Pitch detection (F0 estimation). YIN, McLeod, pYIN, autocorrelation, AMDF, HPS, cepstrum, SWIPE.

Time-domain

YIN — cumulative mean normalized difference
McLeod — normalized square difference (MPM)
pYIN — probabilistic YIN with Beta prior
Autocorrelation — normalized autocorrelation
AMDF — average magnitude difference

Spectral

HPS — harmonic product spectrum
Cepstrum — real cepstrum peak picking
SWIPE — sawtooth waveform inspired estimator

Chroma, chord and key detection moved to @audio/mir (mir-chroma, mir-chord, mir-key).

Install

npm install @audio/pitch

Usage

import { yin, mcleod } from '@audio/pitch'

let fs = 44100
let frame = new Float32Array(2048)  // fill from your audio source

let result = yin(frame, { fs })
// → { freq: 440.1, clarity: 0.97 }  or  null

Works in Node.js and browser. No Web Audio API needed — operates on raw Float32Array samples.

Sliding windows — call repeatedly as new samples arrive:

let hop = 512
for (let i = 0; i + 2048 <= samples.length; i += hop) {
  let frame = samples.subarray(i, i + 2048)
  let result = yin(frame, { fs })
  if (result) console.log(i / fs, result.freq.toFixed(1))
}

Harmony pipeline — chroma → chord → key lives in @audio/mir:

import { chroma, chord, smoothChords, key } from '@audio/mir'

let frames = []
for (let i = 0; i + 4096 <= samples.length; i += 2048) {
  frames.push(chroma(samples.subarray(i, i + 4096), { fs, method: 'nnls' }))
}
let chords = smoothChords(frames, { selfProb: 0.5 })
let k = key(frames)

API

All pitch algorithms return { freq, clarity } | null:

  • freq — fundamental frequency in Hz
  • clarity — algorithm-specific confidence in [0, 1]
  • null — no periodic structure found (silence, noise, polyphony)

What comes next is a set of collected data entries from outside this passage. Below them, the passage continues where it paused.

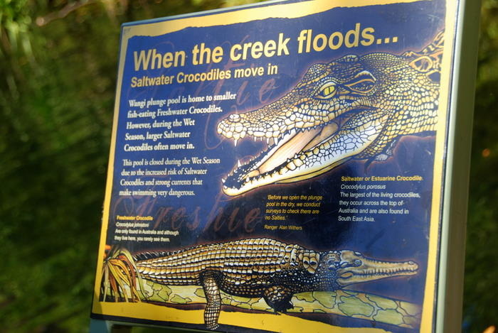 Wangi Falls is the most popular and most famous of the attractions but it was closed because a ‘saltie’ had taken up residence during ‘The Wet’ and Rangers had been unable to relocate it.
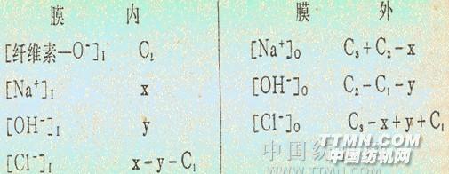[可移動離子]I=2X-C1; [可移動離子]O=2(C2+C3-X)根據(jù)唐能膜平衡原理,平衡時可移動的任何一價陽離子膜內(nèi)外濃度的比值都應(yīng)相等,而且反比于陰離子濃度即
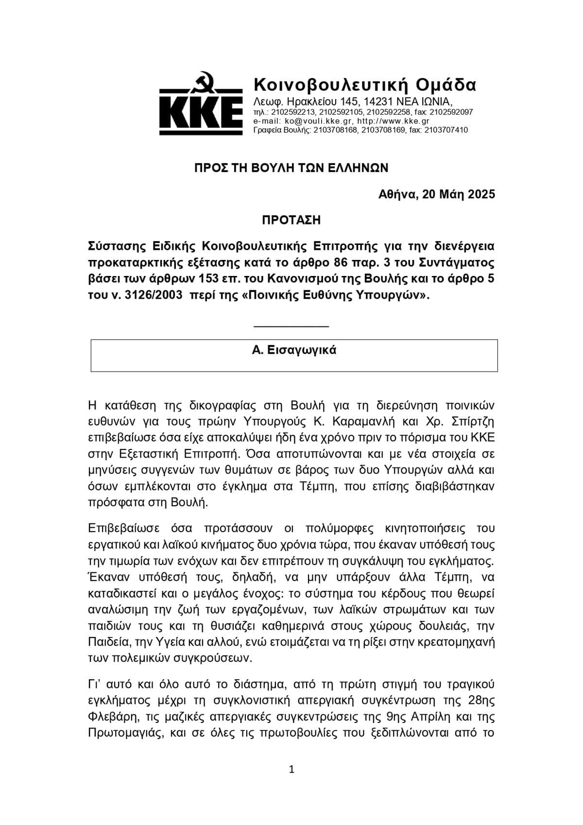 Ολόκληρο το κείμενο της πρότασης του ΚΚΕ:
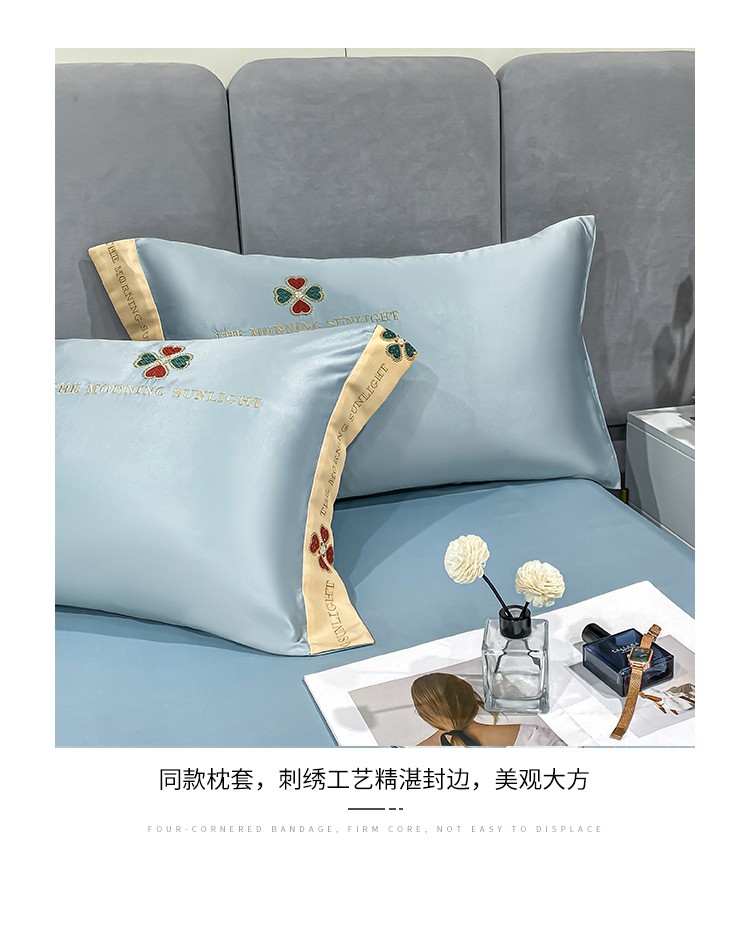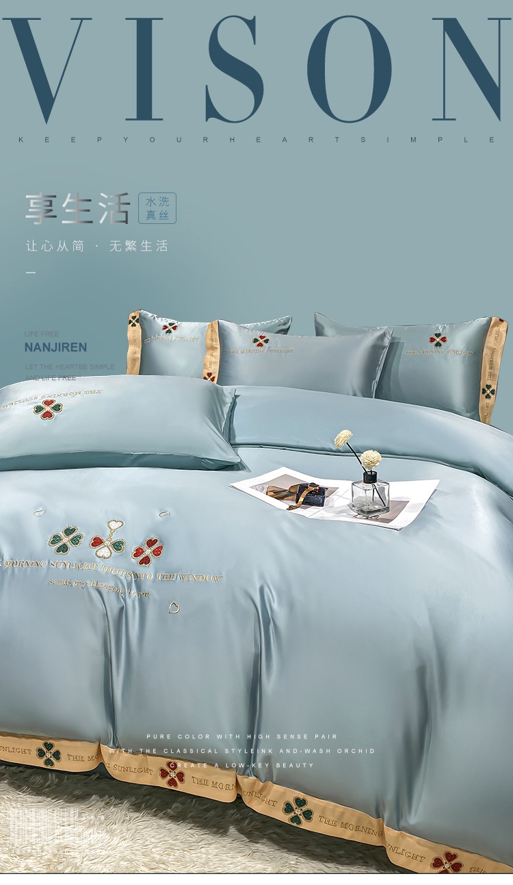 商品名称:2023爆款春夏新款水洗真丝四叶草系列四件套 空蓝昼

Time-domain algorithms (YIN, McLeod, pYIN, autocorrelation, AMDF) accept any buffer length. Spectral algorithms (HPS, cepstrum, SWIPE) require power-of-2 length.

Each algorithm is also installable standalone: npm install @audio/pitch-yin etc.


YIN

de Cheveigné & Kawahara, 2002. The reference algorithm for monophonic pitch estimation. Most cited, most tested, most robust.

import yin from '@audio/pitch-yin'

let result = yin(samples, { fs: 44100 })
Param Default
fs 44100 Sample rate (Hz)
threshold 0.15 CMND threshold — lower = stricter, fewer detections

Use when: General-purpose monophonic pitch tracking — speech, singing, solo instruments. The most reliable choice when in doubt.
Not for: Polyphonic audio (returns dominant or null), real-time with hard latency budgets (needs full window).
Ref: de Cheveigné & Kawahara, "YIN, a fundamental frequency estimator for speech and music", JASA 2002.
Complexity: $O(N^2/4)$ — two nested passes over half the window.

McLeod

McLeod & Wyvill, 2005. Normalized square difference with smarter peak picking. Handles smaller windows — good for vibrato and fast pitch changes.

import mcleod from '@audio/pitch-mcleod'

let result = mcleod(samples, { fs: 44100 })
Param Default
fs 44100 Sample rate (Hz)
threshold 0.9 Peak selection threshold as fraction of global max

Use when: Vibrato tracking, small hop sizes, singing voice where YIN occasionally double-triggers.
Not for: Highly noisy signals (NSDF is less thresholded than YIN's CMND).
Ref: McLeod & Wyvill, "A smarter way to find pitch", ICMC 2005.
Complexity: $O(N^2/4)$ — same asymptotic cost as YIN.

pYIN

Mauch & Dixon, 2014. Probabilistic YIN — runs YIN at multiple thresholds weighted by a Beta(2, 18) prior, producing a distribution over candidate pitches instead of a single hard pick. More robust than YIN on ambiguous frames.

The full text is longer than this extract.